Assignment
The result should be an exact copy of the data, free of pictures.

START Data excerpt

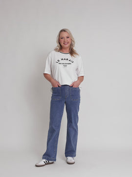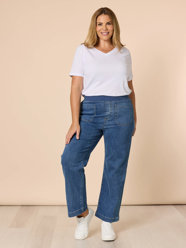 Carpenter Stretch Wide Leg Pull On Jean - Washed Denim
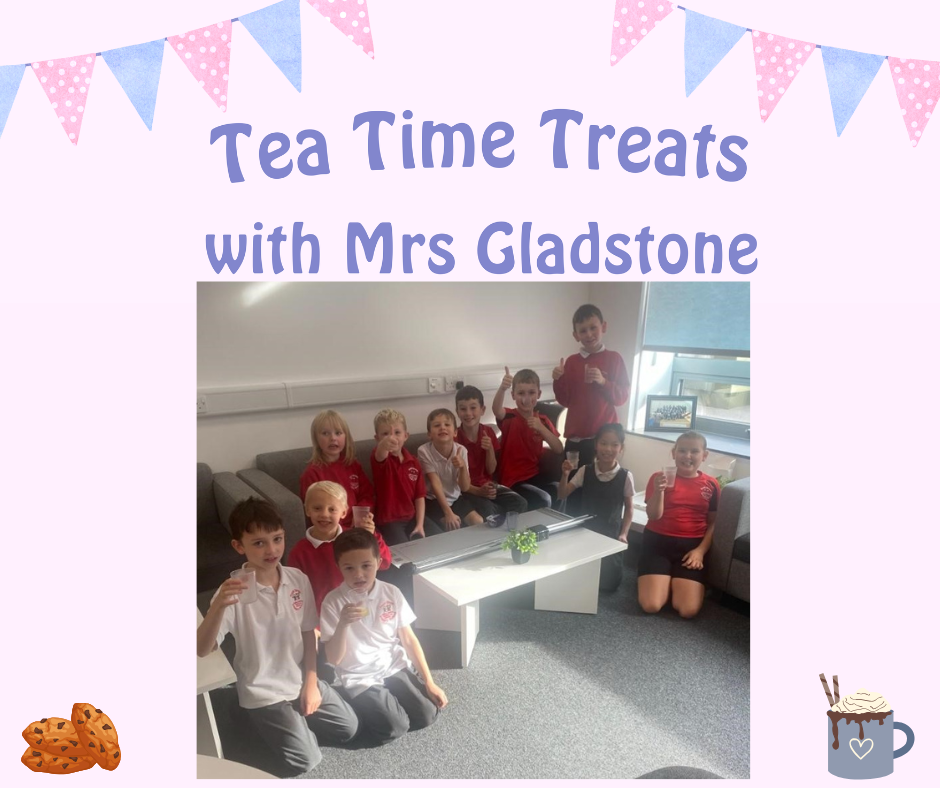 Tea Time Treats with Mrs Gladstone 10 October 2025 This weeks Top 10 Dojo Champions enjoyed their Tea Time Treats with Mrs Gladstone Year 1 Year 2 Year 3 Year 4 Year 5 Year 6
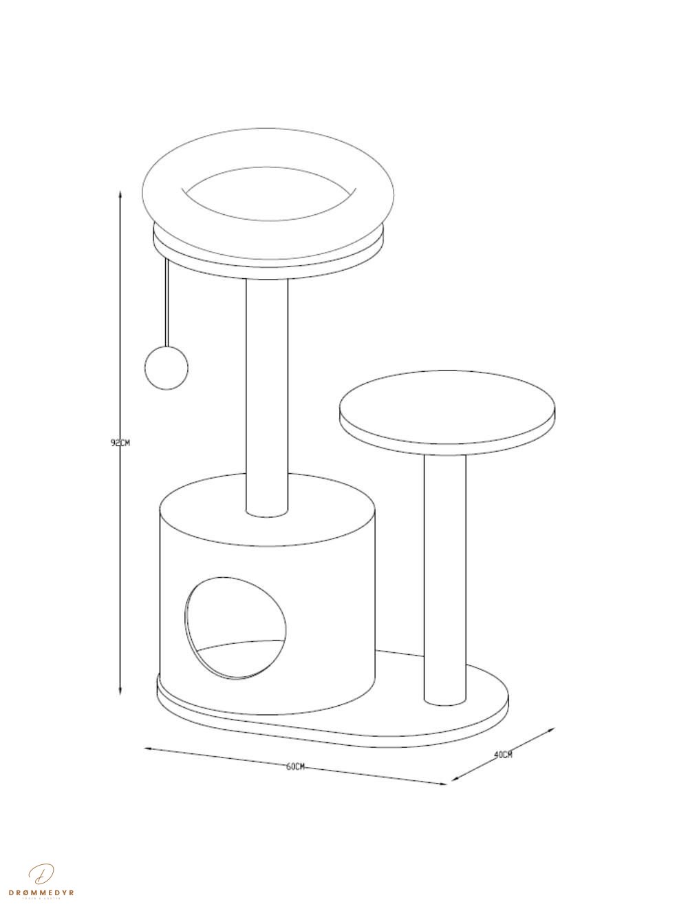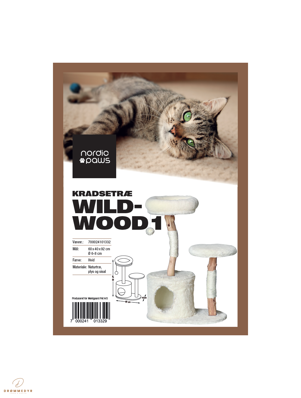 Wildwood 1 kradsetræ af mærket Nordic Paws. Flot kradsetræ med hule, platforme og naturlige stolper med sisalreb.

END Data excerpt

Response to this task
 Carpenter Stretch Wide Leg Pull On Jean - Washed Denim
 Tea Time Treats with Mrs Gladstone 10 October 2025 This weeks Top 10 Dojo Champions enjoyed their Tea Time Treats with Mrs Gladstone Year 1 Year 2 Year 3 Year 4 Year 5 Year 6
 Wildwood 1 kradsetræ af mærket Nordic Paws. Flot kradsetræ med hule, platforme og naturlige stolper med sisalreb.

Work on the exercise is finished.